Introduction: Despite cancer treatment strides, mortality due to ovarian cancer remains high globally. While immunotherapy has proven effective in treating cancers with low cure rates, it has limitations. Growing evidence suggests that both tumoral and non-tumoral components of the tumor immune microenvironment (TIME) play a significant role in cancer growth. Therefore, developing novel and focused therapy for ovarian cancer is critical. Studies indicate that TIME is involved in developing ovarian cancer, particularly genome-, transcriptome-, and proteome-wide studies. As a result, TIME may present a prospective therapeutic target for ovarian cancer patients.
Areas covered: We examined several TIME-targeting medicines and the connection between TIME and ovarian cancer. The key protagonists and events in the TIME and therapeutic strategies that explicitly target these events in ovarian cancer are discussed.

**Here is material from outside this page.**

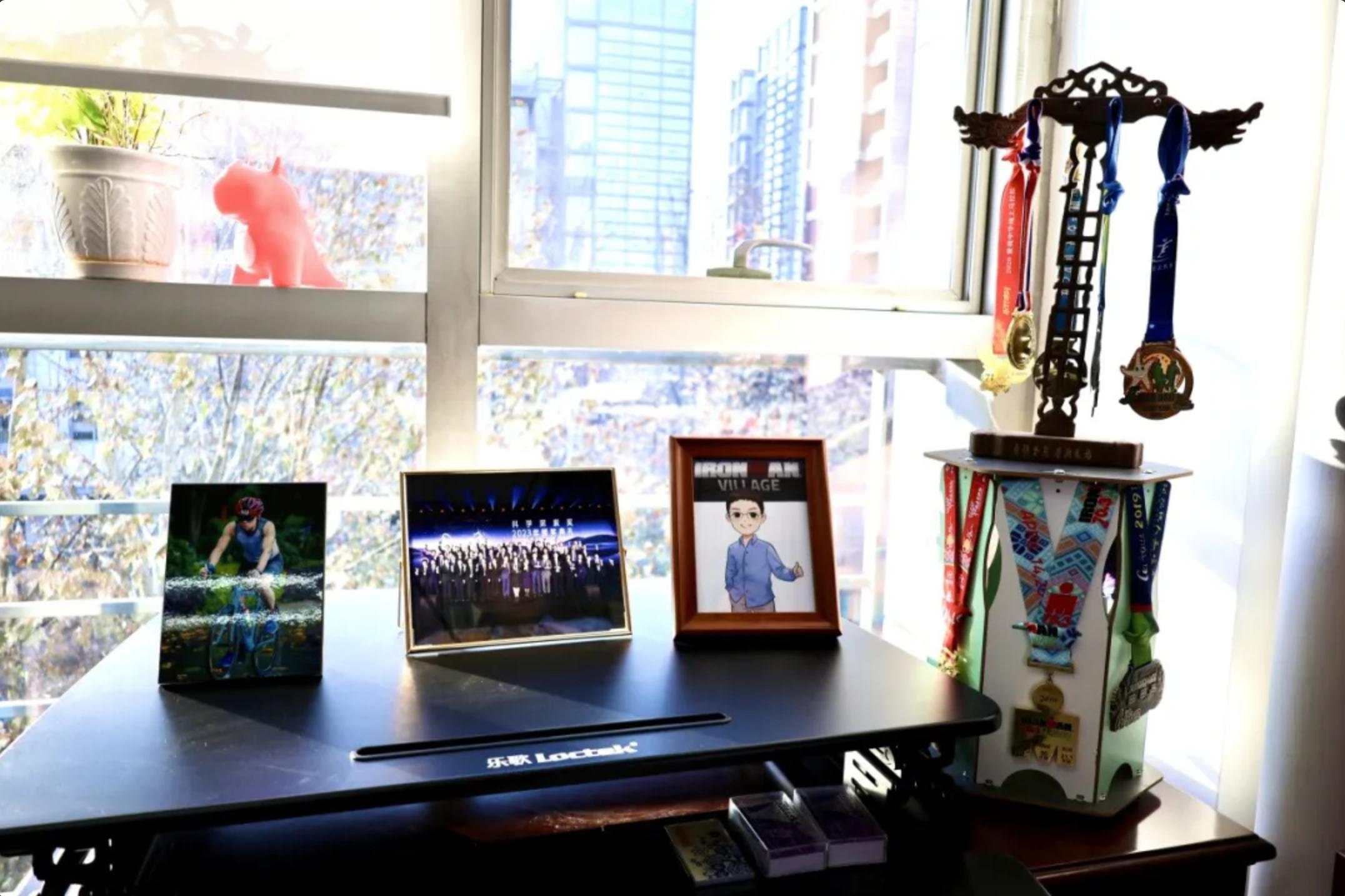 唐杰辦公室里擺放著他參加鐵人三項(xiàng)、馬拉松等比賽的獎(jiǎng)牌和照片

Expert opinion: We highlighted various targeted therapies against TIME in ovarian cancer, including anti-angiogenesis therapies and immune checkpoint inhibitors. While these therapies are in their infancy, they have shown promise in controlling ovarian cancer progression. The use of 'omics' technology is helping in better understanding of TIME in ovarian cancer and potentially identifying new therapeutic targets. TIME-targeted strategies could account for an additional treatment strategy when treating ovarian cancer.
Keywords: Gynecological cancers; immunotherapy and omics; ovarian cancer; targeted therapies; tumor microenvironment.